Wednesday, December 20, 2006

pot in every chicken

News Monday that marijuana is now pretty much indisputably the United State’s number one cash crop—an estimated $35 billion annually—instantly conjured this rejoinder in my mind: and that’s without subsidies!

The issue of farm subsidies will no doubt come up at some point during the run of the 110th Congress, and it is almost as certain that nothing substantial will be done about them.

As a preface to any further discussion, let me just state that I have nothing against the so-called family farmer. Small-scale farming is a noble and rewarding profession and provides me with a greenmarket full of delights. But small farms received almost none of the roughly $144 billion that the federal government doled out in the form of “stability payments” in the last ten years.

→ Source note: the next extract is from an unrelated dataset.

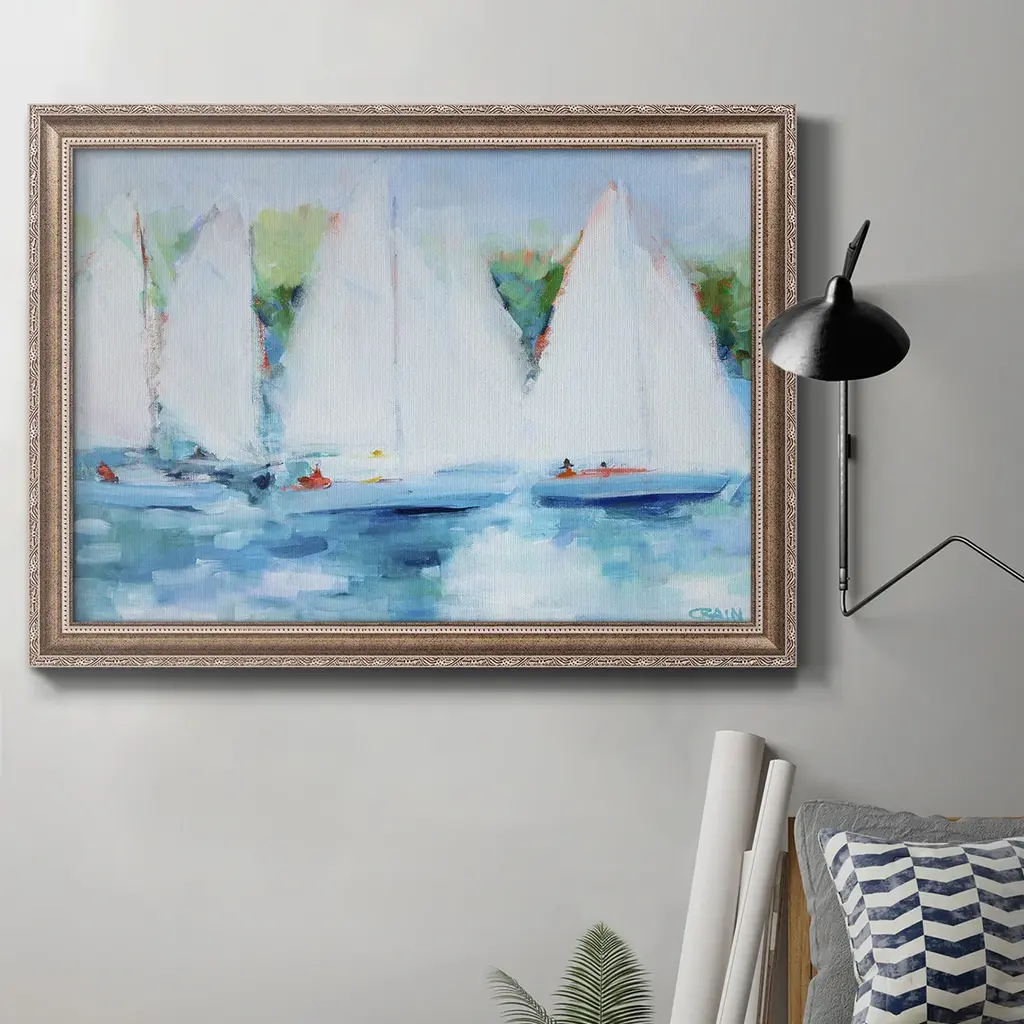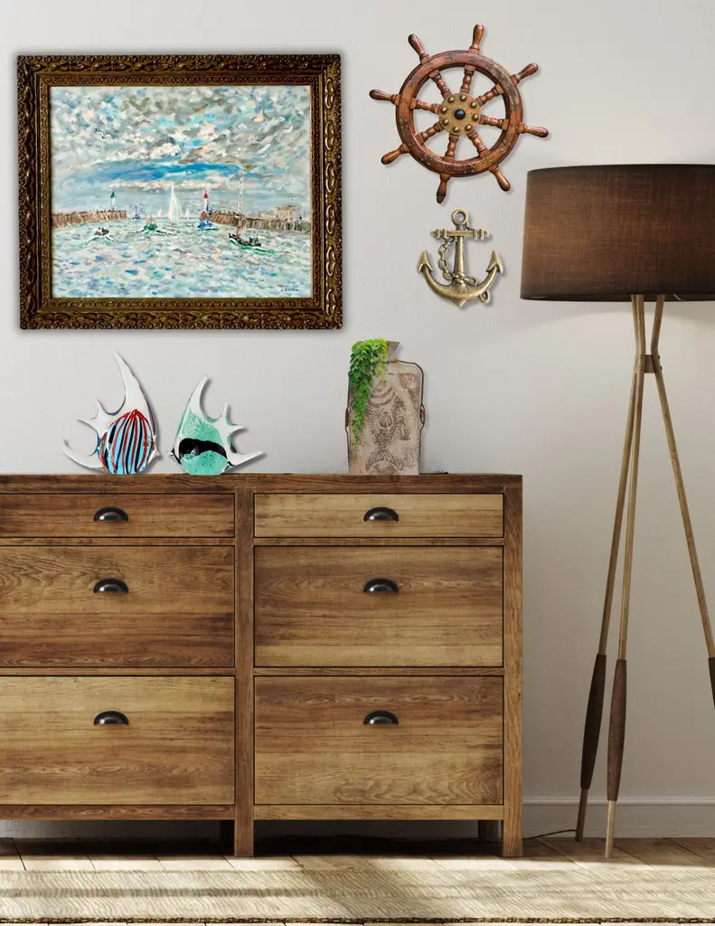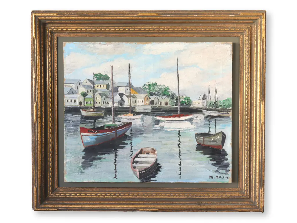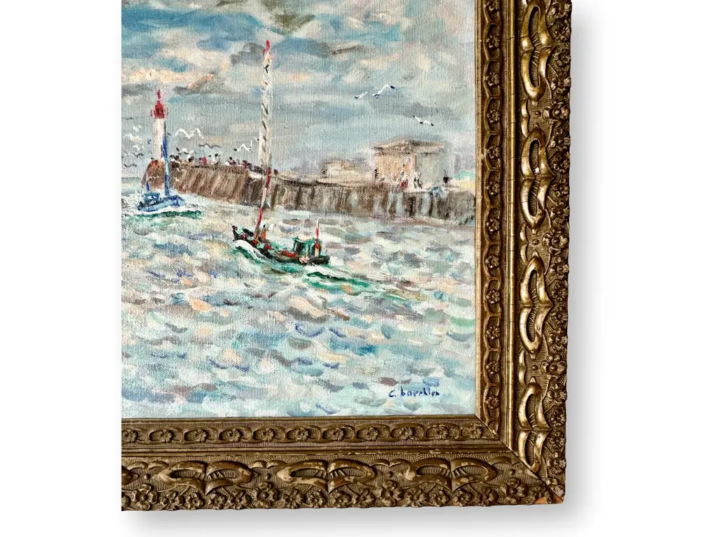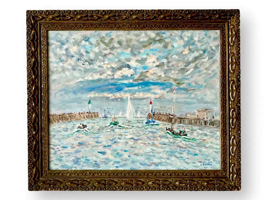 Midcentury oil on canvas, depicting a view of a harbor with sailboats. It has been done in classic impressionist style. Artist signed lower right corner. Framed as we found it. Radiating with vibrant hues and bold strokes, it embodies the artistic essence of its era. Each brushstroke whispers tales of French culture and creativity, offering a window into the eclectic world of French artistry.
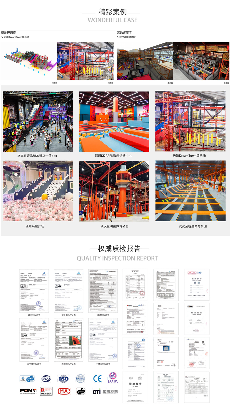 在蹦床公園中對任意的設(shè)備都需要有較強(qiáng)的保護(hù)意識,避免各種腐蝕物對設(shè)備的傷害,飲料、水、化學(xué)有害物質(zhì)出現(xiàn)在場館內(nèi)部。并且,對于彩虹繩網(wǎng)這樣易燃的設(shè)備,需要禁止煙火侵入。

In fact, 73% of the federal aid goes to just 10% of the recipients—large agribusiness companies that produce beef, grain, and cotton if they produce any farm sector product at all. The purple cauliflower and stamen apples for which I cruise Union Square this time of year are almost guaranteed to be federal dollar-free.

Further, “red” states and “swing” states get a disproportionate amount of the aid. Eight states—TX, IA, IL, NE, MN, KS, AR, and ND—receive over half the money. Or, to look at it another way, three quarters of the aid has gone to just 57 of the 435 congressional districts.

While I do think there is some place for the federal government in the farm economy—to help the few independent, small farmers left and assure that the food we all need is the food that is grown, for instance—the current system is little more than the kind of corporate welfare Republicans and Democrats alike are fond of criticizing.

But just because it is criticized doesn’t mean it is likely to change. The mere fact that we have a Senate means that farm states are over-represented on Capitol Hill, and the payment distribution, as noted above, makes for some very handy political greenmail come election time.

Of course, the size of agricultural subsidies are a just a silly pittance when compared with the cost of the debacle in Iraq, but it should still be noted that much like in the case of “defense” dollars going to the Halliburtons of this world, our taxes are being used in the case of farm aid to reward large corporations with political irons in the fire.

Add to stability payments the money spent for domestic Marijuana eradication, and you have a two-pronged argument against billions of our federal tax dollars being wasted. The bumper marijuana crop shows that the war on pot has pretty much failed, just as it seems to vividly demonstrate that you don’t need subsidies to make money in agriculture.